For this constraint, we need to check whether the best path in the Viterbi lattice to the current token-label combination contains B_NAME_TOK. If it does not, then we prevent I_NAME_TOK from being assigned. In the code, this looks like the following:

# Auxiliary matrix to track if B_NAME_TOK has occurred in the best path
# for each label at each time step since the beginning or last NAME_SEP.
# Rows: sequence elements
# Columns: labels
has_b_name = np.zeros((seq_len, self.n_labels), dtype=bool)

# Apply initial constraints (i.e., I_NAME_TOK cannot be first)
if constrain_transitions:
    lattice_scores[0, i_name_idx] = -np.inf
    # Update has_b_name matrix for first sequence element
    has_b_name[0, b_name_idx] = True

# Modify the forward pass
for t in range(1, seq_len):
    # Determine previous element scores and candidate scores as before
    prev_el_scores = lattice_scores[t - 1][:, np.newaxis]
    candidates = prev_el_scores + self.transition_weights + state_scores[t]

    # Force the scores from constrained transitions to -inf
    if constrain_transitions and b_name_idx:
        # Mask transitions to I_NAME_TOK from paths that lack a B_NAME_TOK
        invalid_prev_paths = ~has_b_name[t - 1]
        candidates[invalid_prev_paths, i_name_idx] = -np.inf

    # Update the Viterbi lattice and backpointers matrices as before
    lattice_scores[t] = np.max(candidates, axis=0)
    backpointers[t] = np.argmax(candidates, axis=0)

    # Update has_b_name matrix
    if constrain_transitions and b_name_idx:
        # Inherit state from the best predecessor for each current label.
        # We are setting the value of for each column to the value from the
        # previous row (i.e. t-1) at the index given by backpointers[t] so that
        # we inherit whether the best sequence has a B_NAME_TOk.
        has_b_name[t] = has_b_name[t - 1, backpointers[t]]
        # If current label is B_NAME_TOK, the path now has a B_NAME_TOK
        has_b_name[t, b_name_idx] = True
        # If current label is NAME_SEP, the B_NAME_TOK requirement resets
        has_b_name[t, name_sep_idx] = False

Important

Decoding constraints cannot be applied during model training, only during inference.

If we were to attempt to apply the constraints during training, then we would mask the model from learning that certain features were unlikely to result in certain labels. Overall, the model performance would suffer as a result.

Future work

Only the I_NAME_TOK constrained described above is implemented at the moment.

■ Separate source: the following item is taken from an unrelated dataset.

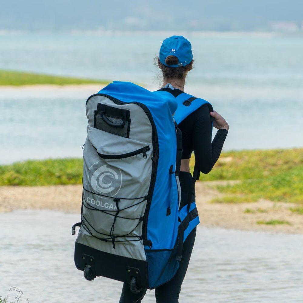 Die Coolcaa Electric Sup Pump, die exklusiv auf der Coolcaa-Website verkauft wird, wurde speziell entwickelt, um jedes Coolcaa-Board aufzublasen. Es wird an einen 12-V-Autostecker oder eine Schiffsbatterie angeschlossen und bläst das Board in etwa 10-12 Minuten auf 15 Psi auf.
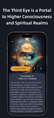 Atklājiet savu iekšējo potenciālu ar "Third Eye" — revolucionāru lietotni, kas paredzēta apziņas paplašināšanai un prāta skaidrības veicināšanai. Tā izmanto unikālu meditācijas mūziku, kas ir īpaši izstrādāta, lai stimulētu epifīzi un aktivizētu trešo aci. Šī mūzika, balstoties uz progresīvām smadzeņu viļņu sinhronizācijas metodēm, palīdz sasniegt dziļus meditatīvus stāvokļus, kas paver ceļu uz paaugstinātu uztveri un jauniem apziņas līmeņiem. Iesaistieties ceļojumā, kas atmodina jūsu dabisko intuīciju un palielina spēju izprast smalkākas enerģijas.

Future work will investigate if there are other constraints that can be applied, for example related the NAME_MOD or NAME_VAR labels, or based on the training data to determine if certain label transition should not be allowed.

Marginal probabilities#

Hint

Coming later…

Performance comparison#

NumPy is a very efficient method of performing lots of mathematical computations in Python, so we should not expect there to be a significant performance different between using this NumPy implementation and python-crfsuite. However because python-crfsuite is a wrapper around the crfsuite library which is written in C, we can expect it to be slightly faster.

The following benchmarks show the difference in performance.

Note

These benchmarks are measuring the time to parse a sentence, which includes the pre-processing and post-processing, not just the difference in labelling a sequence of tokens.

python-crfsuite

$ python benchmark.py -i 3 -n 5000
Elapsed time: 113.64 s.
75084 total iterations.
1513.55 us/sentence.
660.70 sentences/second.

NumPy

$ python benchmark.py -i 3 -n 5000
Elapsed time: 121.10 s.
75084 total iterations.
1612.85 us/sentence.
620.02 sentences/second.

The NumPy implementation is about 6% slower.

Post-training adjustments#

Post-training quantization#

Quantization is a technique to reduce the computational and memory cost of running inference using a model by representing the weights with lower precision data types.

The quantization technique described here is post training symmetric linear quantization. The weights are scaled linearly relative to the largest absolute weight value, which is mapped to the largest value representable by the chosen lower precision data type i.e.

\[[-w_{max}, w_{max}] \rightarrow [-q_{max}, q_{max}]\]

The quantization is done such that an original weight of zero is mapped a quantized weight of zero.

Quantization can be performed to an arbitrary level of precision.

The function for quantizing the weights is quite straight forward:

def quantize(params: CRFModelParameters, nbits: int) -> CRFModelParameters:

    # Determine the maximum absolute weight value
    max_weight = 0
    for w in params.state_features.values():
        max_weight = max(max_weight, abs(w))
    for w in params.transitions.values():
        max_weight = max(max_weight, abs(w))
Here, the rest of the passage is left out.